• WHAT THE EXERCISE ASKS: From the first line to the last, write out the records exactly, leaving the pictures behind.

• PROVIDED RECORDS:

Start of Block

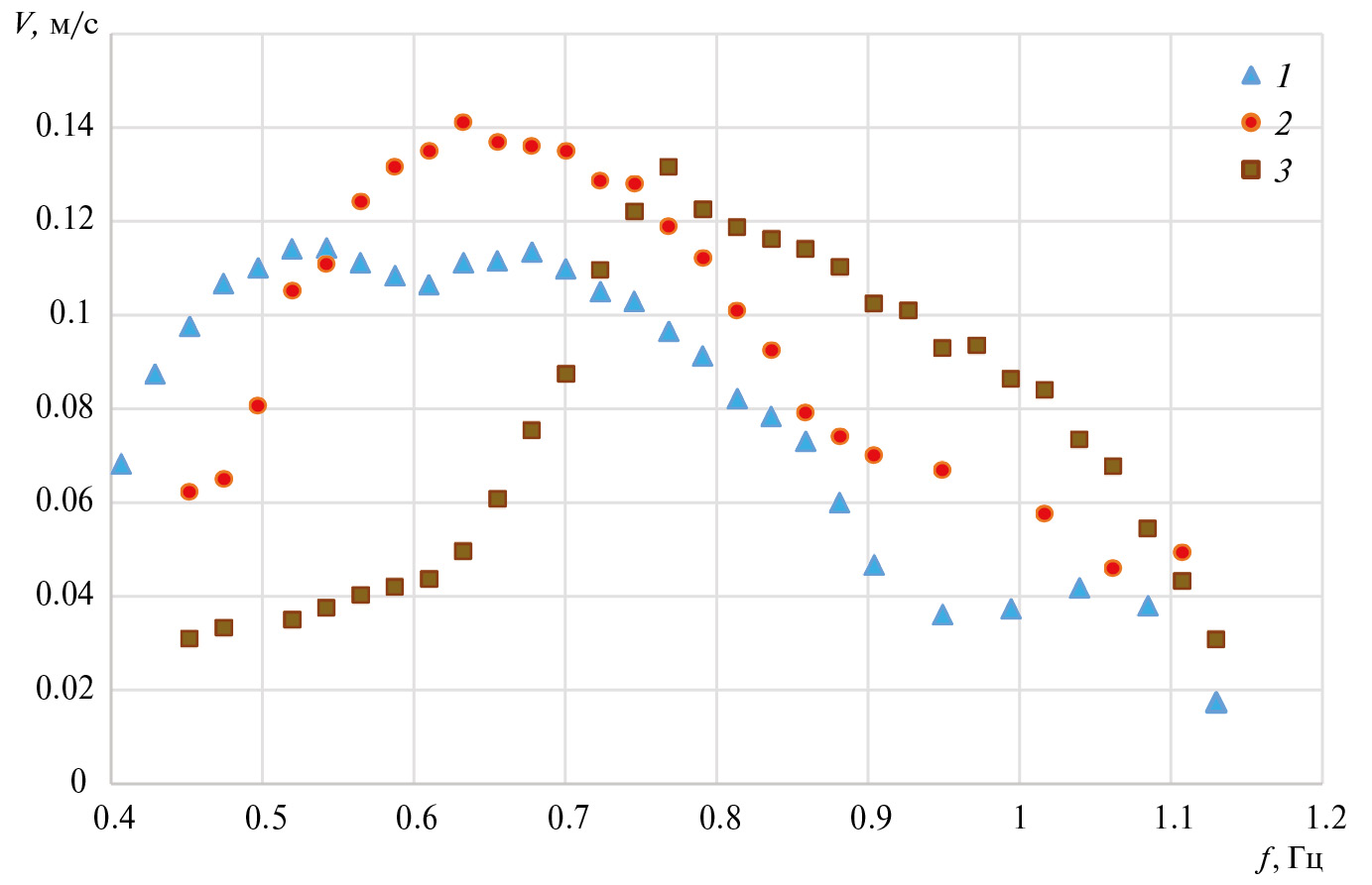 Рис. 9. Зависимости скорости от частоты волн при различной высоте волн. 1 — min, 2 — mid, 3 — max.
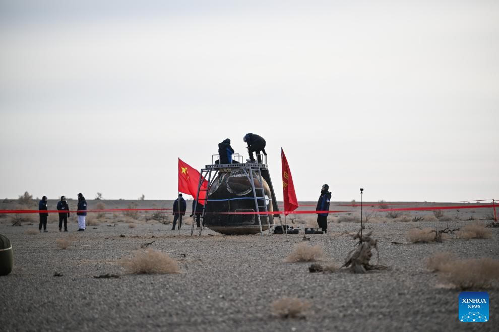 Jiuquan, 19 jan (Xinhua) -- A cápsula de retorno da nave espacial Shenzhou-20, que não transportava astronautas, pousou no local de pouso Dongfeng, na Região Autônoma da Mongólia Interior, no norte da China, às 9h34 (horário de Beijing) desta segunda-feira, segundo a Agência Espacial Tripulada da China (CMSA, em inglês).
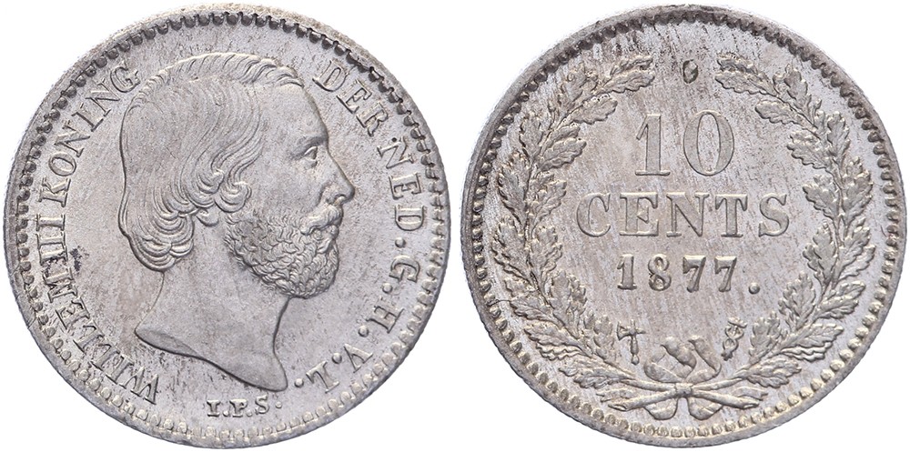 10 Cents 1877 mmt. bijl Sch. 655 Ruim prachtig
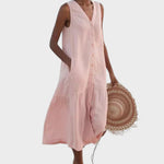 Ova elegantna haljina bez rukava savršena je kombinacija udobnosti i stila. Dizajnirana s V-izrezom i dugmadima sprijeda, haljina pruža ležeran, ali sofisticiran izgled. Prozračan kroj omogućava slobodu pokreta, dok praktični džepovi dodaju funkcionalnost. Idealna je za dnevne šetnje, odmore ili opuštena druženja.
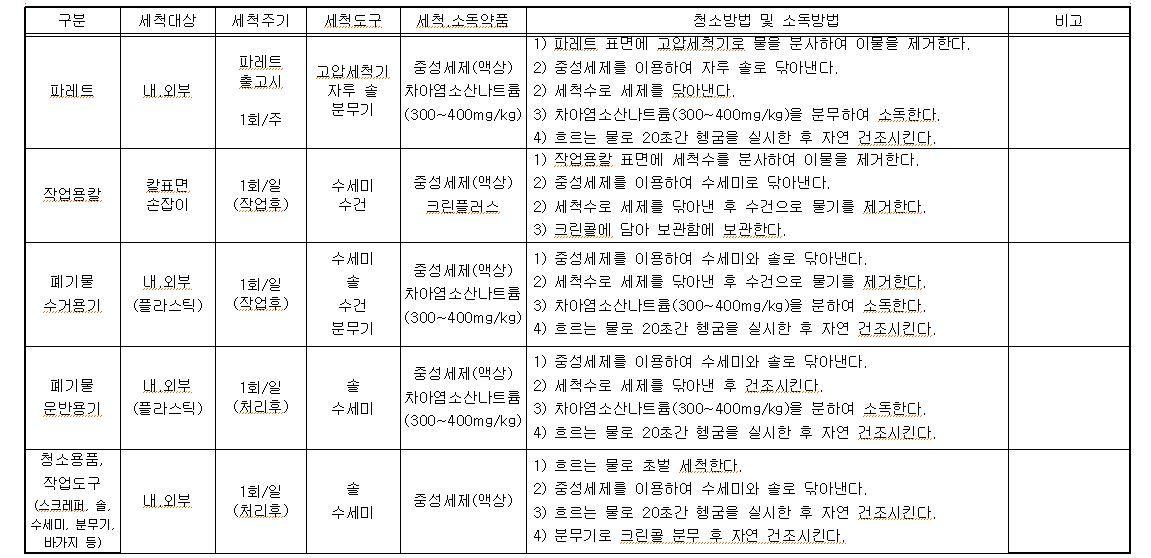 18. 시설 및 설비 등에 대한 세척/소독 관리 기준이 구비되어 있으며, 적절히 운영되는가(CIP 포함)
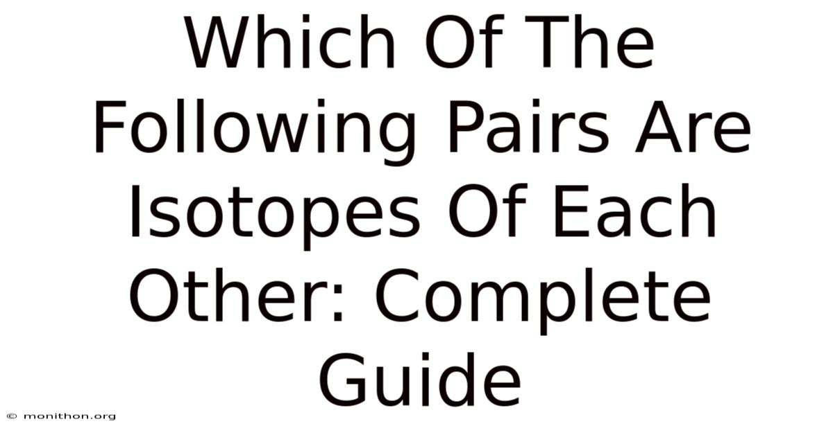 When a question asks which of the following pairs are isotopes of each other, it’s testing your ability to compare mass numbers and atomic numbers. Because of that, most folks know that isotopes share an element symbol, but they sometimes forget the neutron count must differ. That’s the subtle twist that separates a correct answer from a near‑miss Surprisingly effective..

End of Block

• OUTPUT FOR THIS EXERCISE:
 Рис. 9. Зависимости скорости от частоты волн при различной высоте волн. 1 — min, 2 — mid, 3 — max.
 Jiuquan, 19 jan (Xinhua) -- A cápsula de retorno da nave espacial Shenzhou-20, que não transportava astronautas, pousou no local de pouso Dongfeng, na Região Autônoma da Mongólia Interior, no norte da China, às 9h34 (horário de Beijing) desta segunda-feira, segundo a Agência Espacial Tripulada da China (CMSA, em inglês).
 10 Cents 1877 mmt. bijl Sch. 655 Ruim prachtig
 Ova elegantna haljina bez rukava savršena je kombinacija udobnosti i stila. Dizajnirana s V-izrezom i dugmadima sprijeda, haljina pruža ležeran, ali sofisticiran izgled. Prozračan kroj omogućava slobodu pokreta, dok praktični džepovi dodaju funkcionalnost. Idealna je za dnevne šetnje, odmore ili opuštena druženja.
 18. 시설 및 설비 등에 대한 세척/소독 관리 기준이 구비되어 있으며, 적절히 운영되는가(CIP 포함)
 When a question asks which of the following pairs are isotopes of each other, it’s testing your ability to compare mass numbers and atomic numbers. Because of that, most folks know that isotopes share an element symbol, but they sometimes forget the neutron count must differ. That’s the subtle twist that separates a correct answer from a near‑miss Surprisingly effective..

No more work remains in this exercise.